A set of $36$ 2-object combination seems small, but the rule learning problem that stems
from this set is immense. To give you a sense of the complexity at hand, we can
consider the number of possible *extensions* of this rule. Since we are working
with boolean outcome (a combination will either trigger the effect or not), the
extension of a rule is a partition of the $36$ item into two *complementary*
sets. Allowing empty set, this will give us $2^{36} = 6.87194767\times10^{10}$
unique partitions (and hence unique rules). To be clear, this is an extremely large hypothesis space in
the context of higher cognition, and human learners probably only test a tiny
fraction of these rules. It is our job to figure what what are the rules that
makes up this small fraction, and why they decide on these rules instead of
other.

A common way to approach this question is to investigate these rules from the
*intension* perspective. For example, we can represent the rules as first-order
logic expressions. Instead of investigating all the $6.87194767\times10^{10}$ of
unique rules, we can instead focus on several *families* of rules that have
specific forms with the assumption that only these families are readily
avaliable to the learners. In this task, you will implement two of the rule families
we've used. The *type-singular* family specifies the feature combinations within an
obect boundary; the *counting conjunction* family specifies the overall frequency of
features within the 2-object combination regardless of the object boundary. We will get into the details of these rules later.

## Model Architecture
The model is split into two parts: object/rule representation and bayesian modeling. The
representation part deals with representing the stimuli, generating rules
that fill out a hypotheses space, and verifying whether a given stimuli obeys a
given rule. The bayesian part manages the probablistic distribution (*posterior*)
over all rules in the hypotheses space, and updates this distribution whenever a
new stimuli is encountered. You will first implement the rule representation
part before writing out the bayesian model.

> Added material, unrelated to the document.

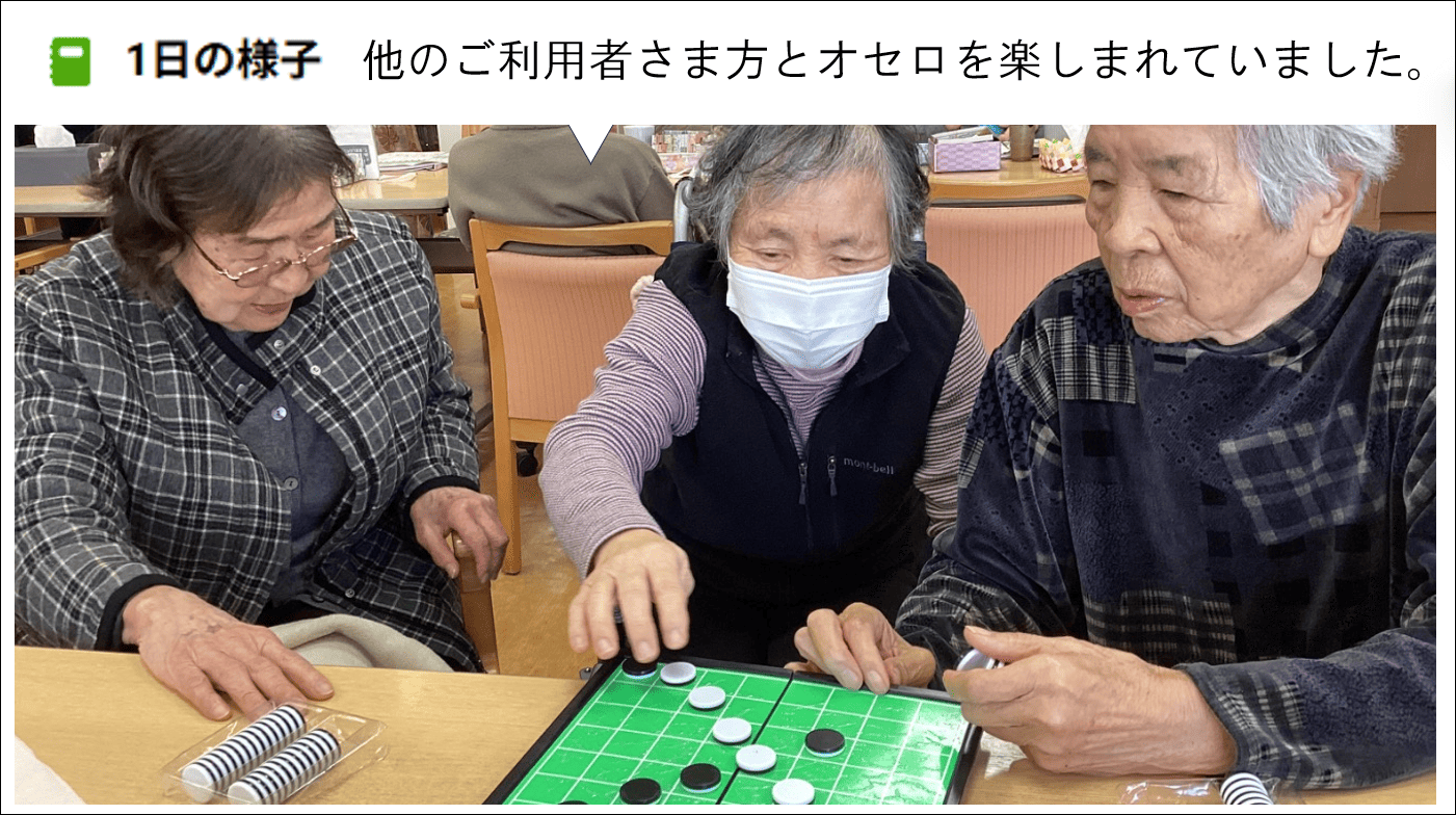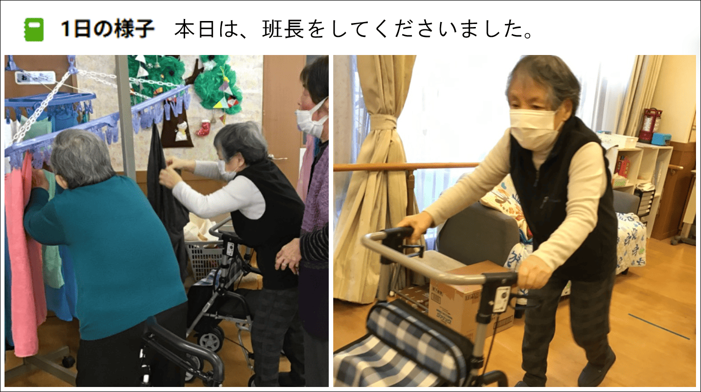 岩瀬さんは、「ご利用者さまが役割ややりがいを持ち、前向きな姿をご家族に報告するツールとして、ケアエールPROが活躍しています」と語ります。

Some advices before you jump in: 
1. Think carefully about how you represent the rules and the stimuli. This will
   be the core part of your model and will be the hardest one to change.
2. When you implement a model, you should always keep in mind that you might
   need to modify your model in the future (e.g., you need to accomadate
   different rules or need a more advanced bayesian model). Don't engineer
   yourself into a corner.
3. Avoid premature optimization. This might not be applicable to you, but I
   usually get distracted by trying to write the most efficient algorithm for a
   small task at the expense of modularity and readability. You should only
   optimize your code if some operations eat up a huge chunk of your runtime.

In [1]:
import numpy as np
import random
from itertools import product, combinations, permutations

Above are some basic libraries you will need to get your model to work, but feel
free to import more. Note, however, you should not import readily made models for
bayesian modeling.

<hr>

# Section 1. Internal Representation
The core of your model is the representations (in terms of data structure) it
use. There are two important parts: object representations encode the stimuli,
and the rule representations encode the rules you give to your model. Keep in
mind that the two representations must be able to recognize each other. That is,
you must design these two systems of representation in a way that the rules must
be able to determine whether a given stimulus satisfy itself.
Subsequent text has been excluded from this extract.